***** Data section

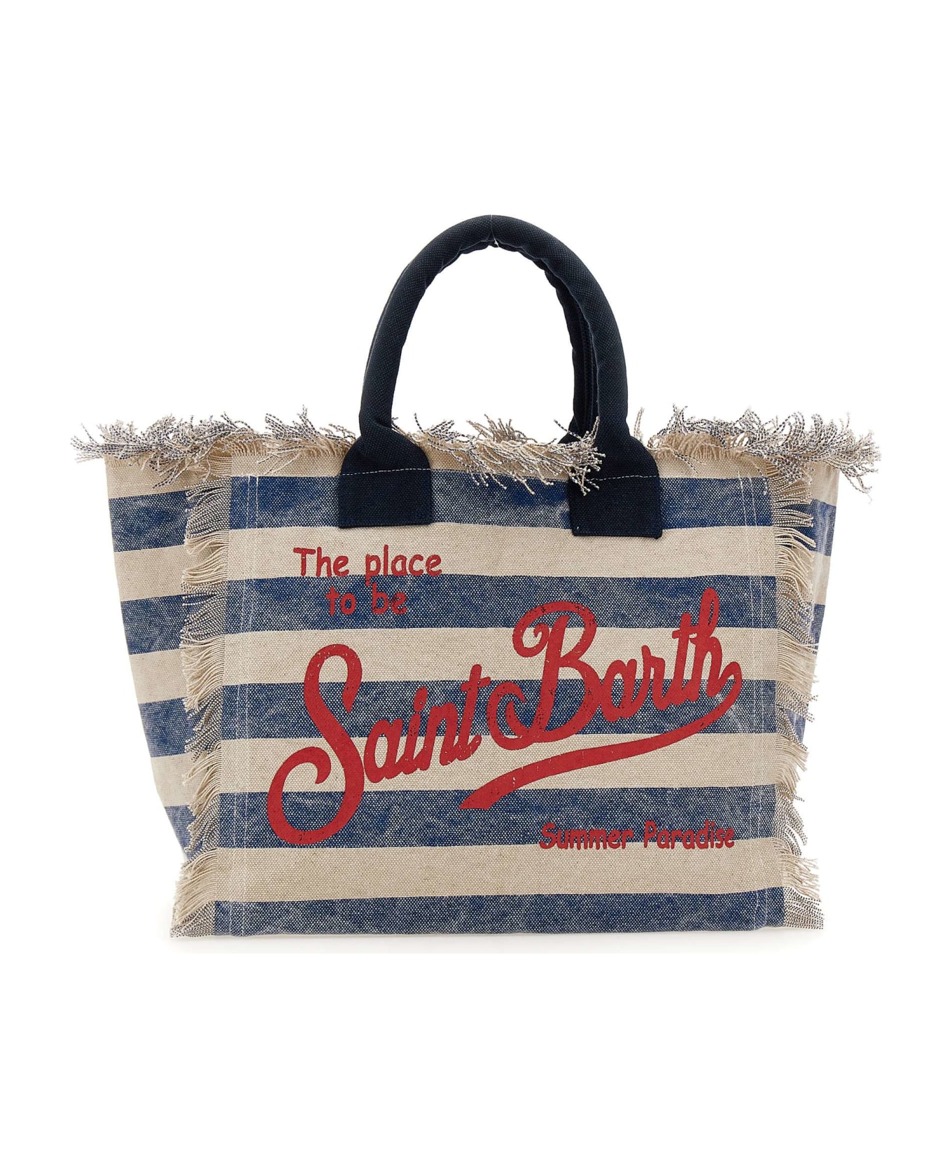 Mc2 Saint Barth "Vanity Summer Paradise" cotton canvas handbag, blue striped pattern on an ecru background, double top handle, fringe detail, top zip fastening, single internal compartment,internal zip pocket, slip pocket with logo, cotton lining,maxi red logo print on front and back. Dimensions: length 40cm, depth 20cm, height 32cm.
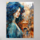 Amnistía Internacional generó a una hermosa mujer con el pelo azul en la ciudad con tintas de alcohol de medios mixtos y estilo de arte acuarela
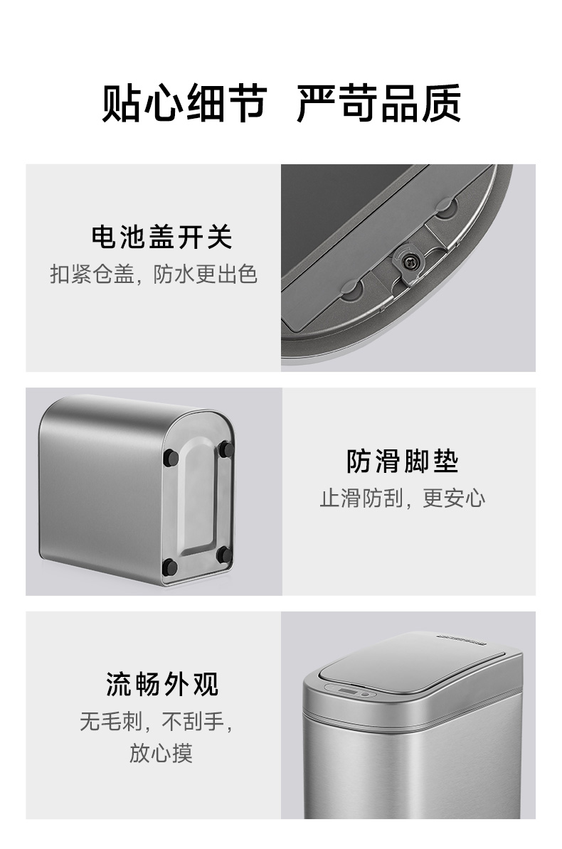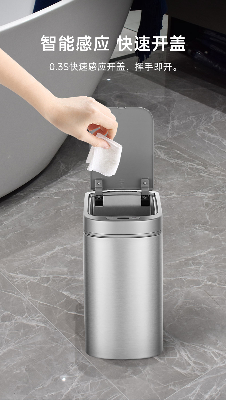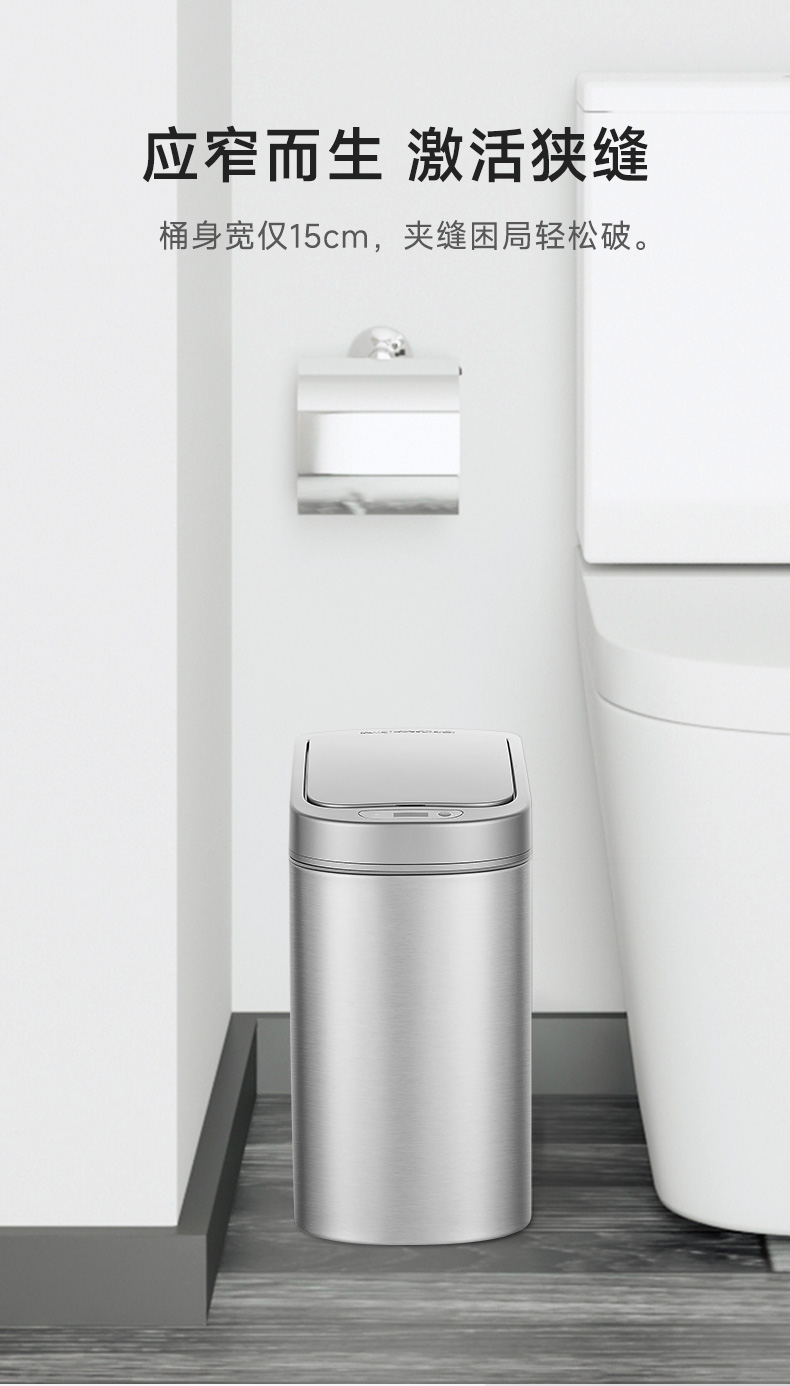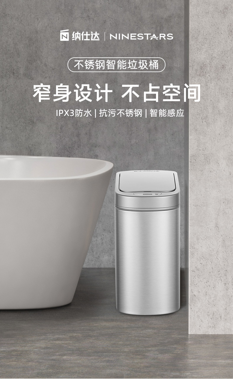 NST/纳仕达智能感应不锈钢垃圾桶家用带盖厨房卫生间卧室厕所防水
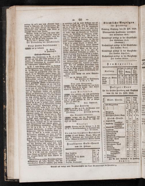 für die Städte Friedberg und Butzbach vom 19. bis 25. Febr. 1848.
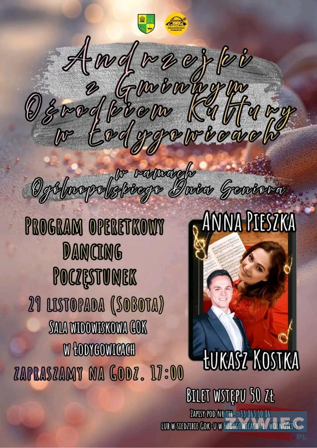 Zapraszamy do obejrzenia galerii zdjęć z przedstawienia z okazji Ogólnopolskiego Dnia Seniora zorganizowanego przez Gminny Ośrodek Kultury w Łodygowicach. Wydarzenie, które odbyło się 29 listopada, łączyło muzykę, taniec i integrację w serdecznej atmosferze. Uczestnicy mogli cieszyć się koncertem operetkowym Anny Pieszki i Łukasza Kostki, a także wziąć udział w wspólnym tańcu przy dobrej muzyce. Na spotkaniu nie zabrakło również pysznego poczęstunku. To był wyjątkowy sposób uczczenia Dnia Seniora i spędzenia czasu w miłym towarzystwie.
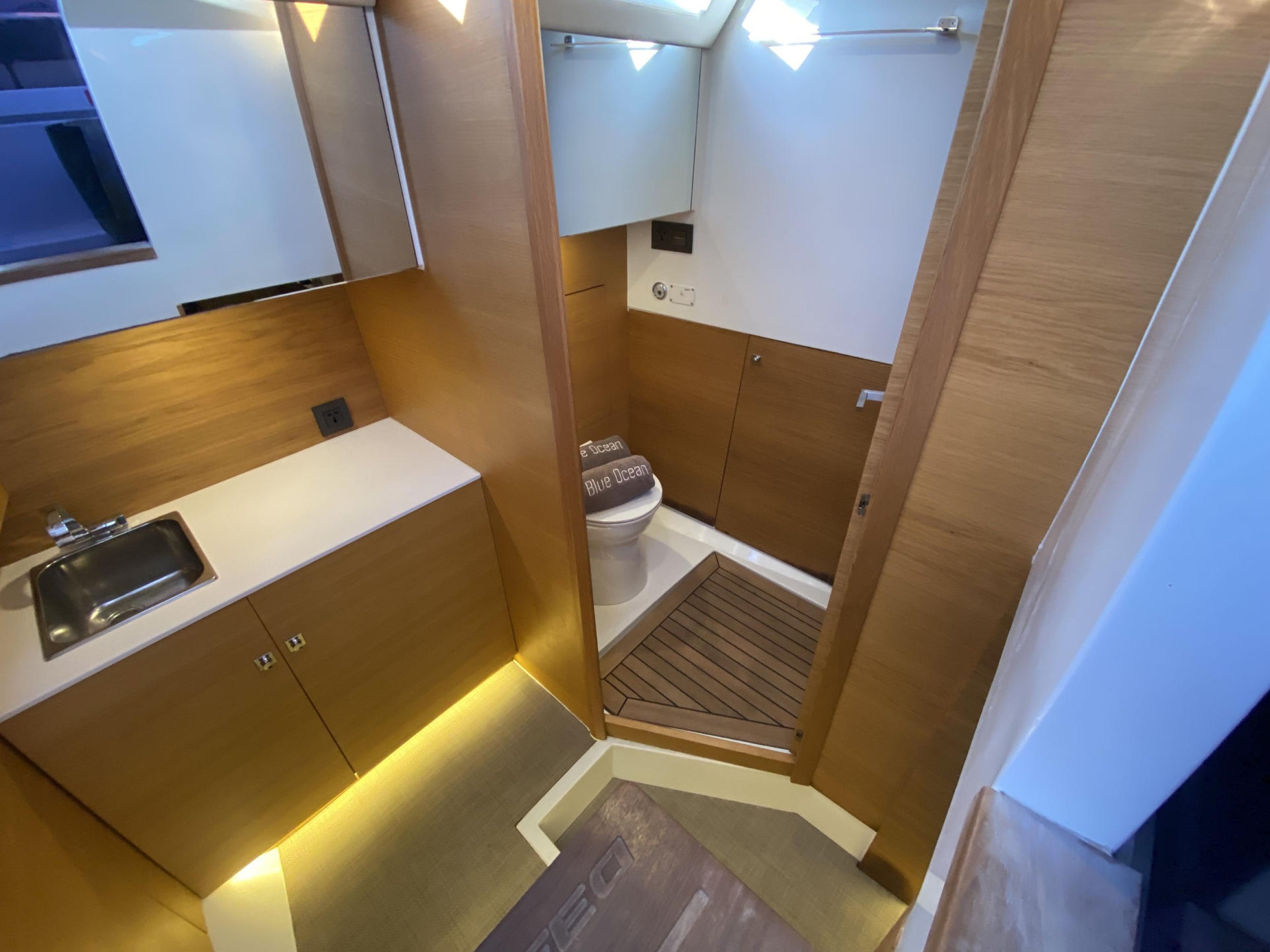 Surprising Interiors: Despite her “open” profile, she offers a modern double cabin and a full head, ideal for taking a break from the sun or changing in total privacy.

**********

Beginning with the line that contains "NST/纳仕达智能感应不锈钢垃圾桶家用带盖厨房卫生间卧室厕所防水", write out the lines of the material above exactly, and end with the line that contains "für die Städte". Omit the pictures.

 NST/纳仕达智能感应不锈钢垃圾桶家用带盖厨房卫生间卧室厕所防水
 für die Städte Friedberg und Butzbach vom 19. bis 25. Febr. 1848.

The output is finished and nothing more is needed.